In a way, he saw himself as a reader of this book rather than the author. He didn’t want to put himself above his readers and preach to them, but he still wanted to explore a question that required a more religious standpoint than the one he wanted to adopt as an author.
Do you think it’s in dialogue with other books?
It does connect with a famous book by Kierkegaard called The Concept of Anxiety. In The Concept of Anxiety, Kierkegaard identifies anxiety as a fundamental human experience. Again, it has the sense of a diagnosis of anxiety as part of the human condition. It’s not a psychological phenomenon for Kierkegaard, but something that belongs to the very structure of being human. It’s in our constitution as human beings, he argues, to be anxious, and this has to do with our consciousness of our freedom and our mortality and so on.

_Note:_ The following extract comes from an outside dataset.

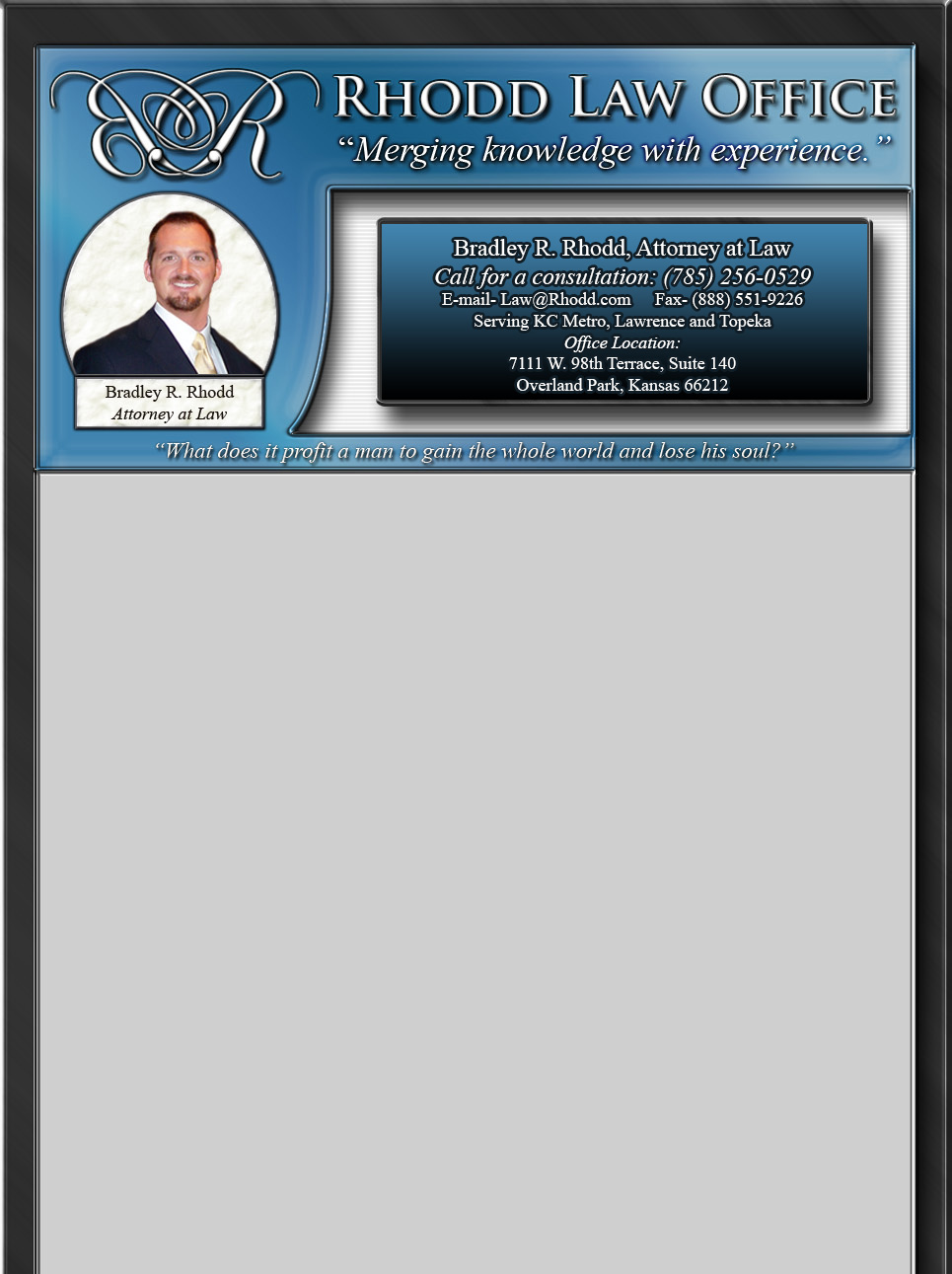 | Get the professionalism and client service you deserve. Call today to schedule a consultation. Contact Bradley Rhodd, Attorney at Law. Telephone- (785) 256-0529 Fax- (888) 551-9226 e-mail- law@rhodd.com |

The Sickness Unto Death follows on from this, because his diagnosis of despair is quite similar. It’s not a psychological state—it’s not about feeling miserable or unhappy or hopeless—but to do with the fact that we have a certain constitution as spiritual beings, and that we’re somehow incomplete unless we really live in God. He also thought that really living in God was extremely difficult to do, perhaps impossible. So, again, we have that sense that everyone is, to some degree or other, in despair.
You mentioned that he was religious in this particular way, but it’s probably worth mentioning that he strongly distanced himself from organised religion.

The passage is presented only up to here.